Closed ab08028 closed 3 years ago
My suspicion is that cyvcf2 encodes haploid gt_types
in a way we didn't expect. I think the mutyper spectra
command should work on haploids if gt_types
is encoded as 0
-->REF
, 1
-->ALT
(but maybe it's not).
Can you print a couple variants' gt_types
field with something like this?
from cyvcf2 import VCF
for variant in VCF('haploids.vcf.gz'):
print(variant.gt_types)
break
oh interesting … so I did the above code and the results are coded in 0s and 3s for some reason… example: [0 0 0 0 0 0 0 0 0 0 0 0 0 0 0 0 0 0 0 0 0 0 0 0 0 0 0 0 0 0 0 0 0 0 0 0 0 0 0 0 0 0 0 0 0 0 3 3 0 0 0 0 0 0 0 0 0 0 0 0 0 3 0 0 0 0 0 0]
But in the original VCF and in the mutyper variants VCF the sites are coded with 0s and 1s. But the 1s are 3s now when cyvcf reads it in. From this page https://brentp.github.io/cyvcf2/ it looks like cyvcf uses 0,1,2,3 to refer to hom-ref, het, unknown, hom-alt? so if it converts the haploids 0 and 1s to hom-ref and hom-alt codes, then that would make sense why it’s counting them 2x?

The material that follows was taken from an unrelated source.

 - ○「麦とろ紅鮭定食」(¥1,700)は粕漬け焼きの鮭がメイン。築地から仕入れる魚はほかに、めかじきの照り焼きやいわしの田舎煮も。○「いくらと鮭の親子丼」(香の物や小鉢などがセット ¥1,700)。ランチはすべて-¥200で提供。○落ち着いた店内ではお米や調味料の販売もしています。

It looks like this may cause issues with --randomize as well (randomize isn’t working with the haploid data, though mutyper spectra works fine without it)
I threw an example haploid mutyper variants file into the harris data dir (forWillFromAnnabel_exampleHaploidMutyperVariantsFile/testFileForWill.vcf.gz)

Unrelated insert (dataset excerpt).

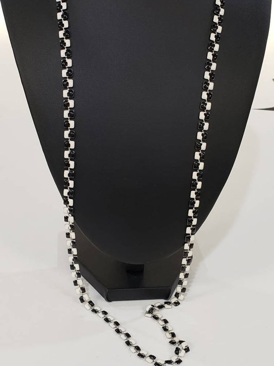 Halsband oder lange, schlichte Halskette aus rhodiniertem, verdrehsicherem Emaille-Design in Schwarz und Weiß.

Hmm that looks like probably it! But shouldn't this give 3x inflation of alt allele counts, rather than 2x?
I would have guessed --randomize
would behave normally even with this 0/3 coding.
Thanks for the test file, I'll take a look.

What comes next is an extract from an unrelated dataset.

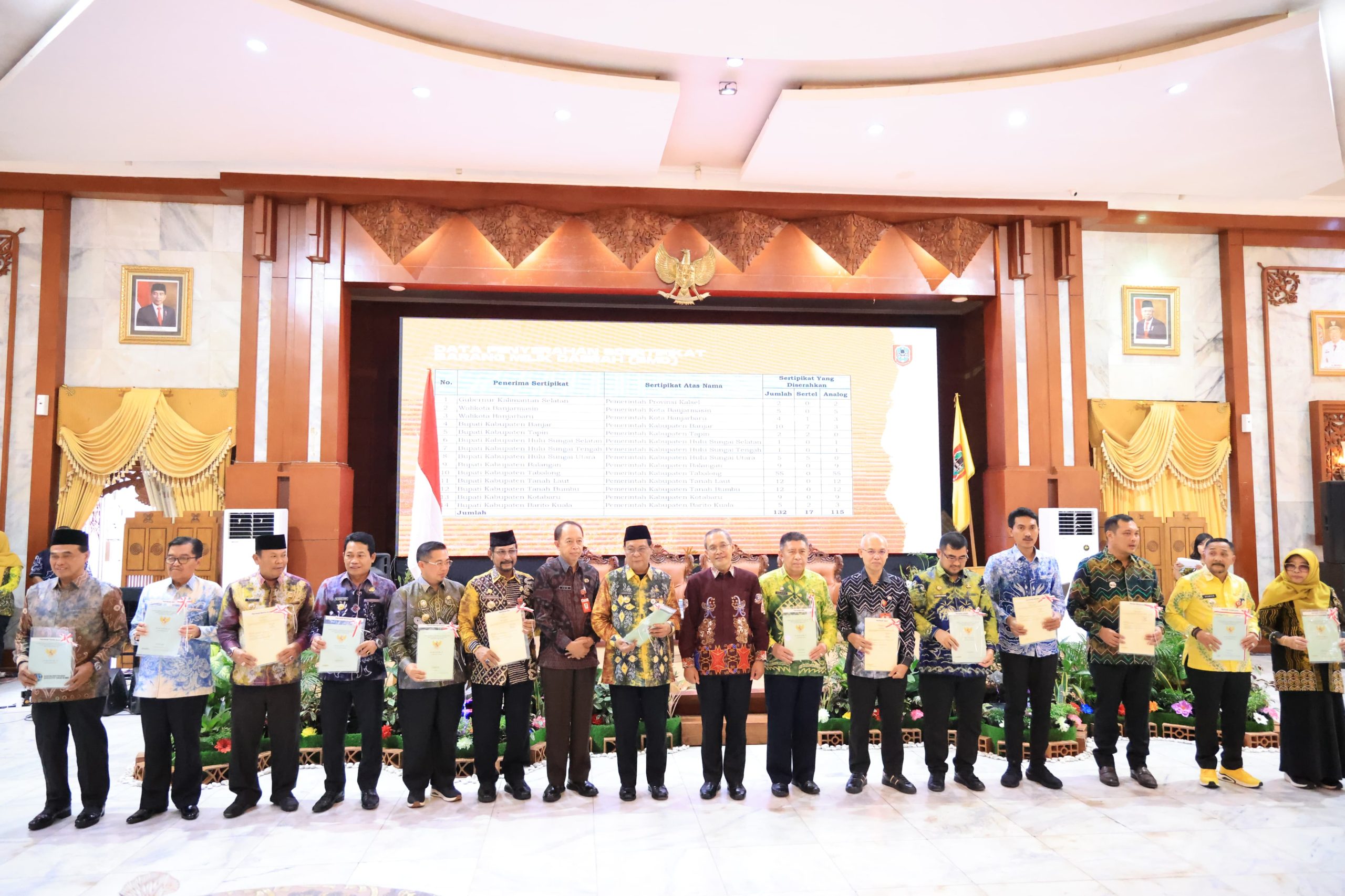 Rakor juga di rangkai dengan penyerahan sertifikat barang milik daerah yang diserahkan oleh Pimpinan KPK di damping Kakanwil BPN Kalsel kepada Gubernur, Bupati, dan Walikota se-kalimantan Selatan.

My hunch is that internally it codes 3 (hom alt) as equaling 2 counts of the alt allele. Yeah not sure why randomize is affected by it either ... will copy the error message I get for randomize momentarily
hmm okay --randomize is working on my test file actually, so scratch that part of the issue!
Minor bug (?) -- when I run mutyper spectra on a mutyper variants file that has haploid calls (single 0s or 1s instead of 0/0) the spectra counts are 2x what they should be. I think it's maybe still counting them like diploids? Not a huge deal (could just divide by 2!) but probably easy to fix?